En tierras peruanas, los chinos adaptaron esa receta con lo que tenían a la mano: arroz local, salsa de soja (que llamamos “sillao”), jengibre, cebollita china y, más adelante, ingredientes tan típicos del Perú como el ají amarillo o el pollo. Así, poco a poco, el arroz chaufa se convirtió en una fusión deliciosa que representa lo mejor de ambas culturas.

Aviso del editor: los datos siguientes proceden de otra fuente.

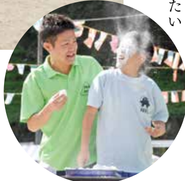
▲ もしや2人は名コンビ？
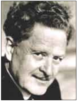
الشاعر / ناظم حكمت
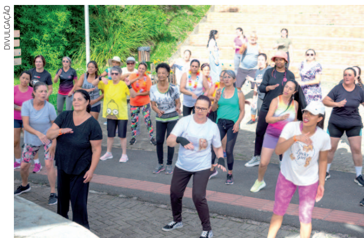
A atividade reuniu cerca de 75 participante

grantes das Oficinas do Poliesportivo e do Centro da Juventude, alunos das turmas de ginástica, além de pessoas que estavam passando pelo parque e aproveitaram para entrar no ritmo. Com muita música, energia e clima de folia, o aulão transformou a manhã em um momento de integração, saúde e diversão para todas as idades. A ação contou também com a participação da Secretaria da Mulher, que realizou a distribuição das pulseirinhas da campanha "Não é Não", reforçando, neste período de Carnaval, a conscientização e o combate ao assédio sexual.
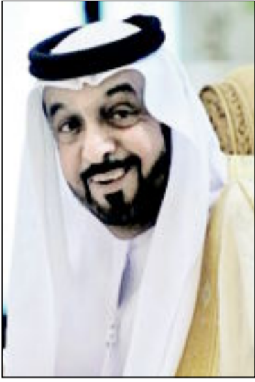
الشيخ خليفة بن زايد
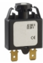
1658-F01-00-P10-25A E-T-A CIR BRKR THRM 25A 240VAC 28VDC
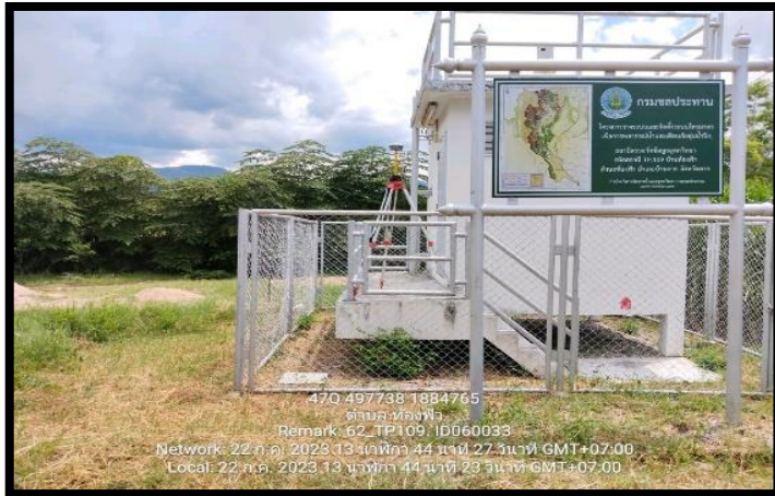
ทิสเหนือ
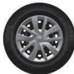
Calotas Magiceo 15"
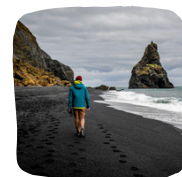
Black Sand Beach
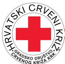
Gradsko društvo Crvenog križa Krk
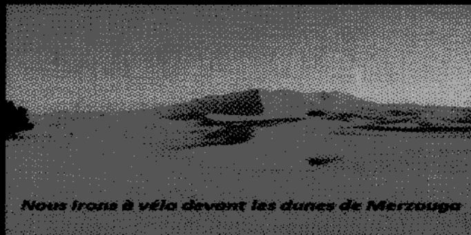
Nous irons à vélo devant les dunes de Merzouga
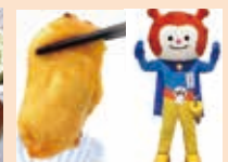
ふりぶろおさしみホヤ/ホヤーヤグッズ
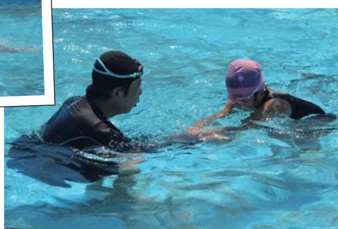
水にも大分慣れました♪
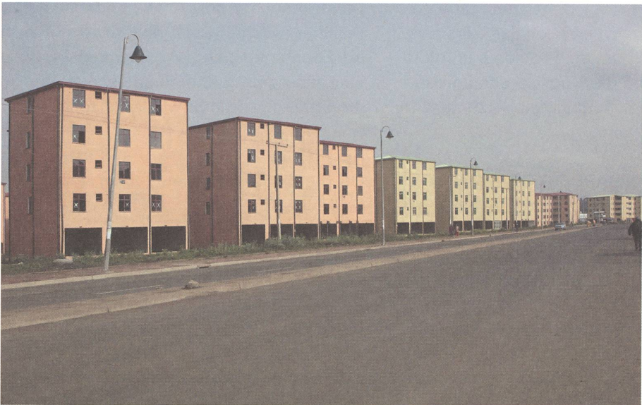
fig. d Neue Wohnüberbauung ausserhalb von Addis Ababa

Hoy, existen muchas versiones: chaufa de mariscos, de carne, de chancho, de pollo o vegetariano, pero la esencia siempre es la misma: un arroz salteado a fuego fuerte, aromático y lleno de sabor.
Ingredientes (para 4 a 6 personas)
- 400 g de arroz (idealmente basmati o de grano largo, para que quede suelto).
- 560 ml de agua (aproximadamente, según el tipo de arroz).
- 2 pechugas de pollo o 3 muslos con contramuslo deshuesados y sin piel.
- 50 ml de sillao (salsa de soja) para marinar el pollo.
- Un trocito de jengibre fresco, equivalente a un diente de ajo.
- 2 huevos grandes (o 3 medianos).
- 2 cebolletas o cebollas chinas.
- 1 pimiento rojo.
- 2 a 3 cucharadas adicionales de sillao, para ajustar el sabor al final.
- Aceite vegetal o de girasol (también puedes añadir unas gotas de aceite de sésamo al final).
- Sal y pimienta al gusto.
Opcional: maíz dulce, champiñones, trozos de tocino o tofu marinado para una versión diferente.
Paso 1: La clave está en el arroz
El secreto de un buen chaufa está en que el arroz quede suelto y firme. Por eso, lo ideal es cocinarlo con varias horas de anticipación, o incluso el día anterior.
- Coloca el arroz en un recipiente con agua y frótalo con las manos. Cambia el agua varias veces hasta que salga casi transparente; esto elimina el exceso de almidón.
- Escurre bien y cocina el arroz en una olla con el agua medida.
- Una vez que hierva, tapa la olla, baja el fuego al mínimo y deja cocer unos 12 minutos en total.
- Apaga el fuego y deja reposar tapado al menos 30 minutos.
- Cuando esté tibio, separa los granos con una espátula y guárdalo en la refrigeradora hasta el momento del salteado.
Este paso puede parecer largo, pero es fundamental: si el arroz está fresco y caliente al momento de freírlo, se pegará y perderá su textura.
Paso 2: Marinar el pollo
Mientras el arroz reposa, corta el pollo en cubos medianos. En un bol, mezcla el sillao, el jengibre rallado y un toque de pimienta negra. Agrega los trozos de pollo, remueve bien y deja reposar por unos 20 minutos en la refrigeradora.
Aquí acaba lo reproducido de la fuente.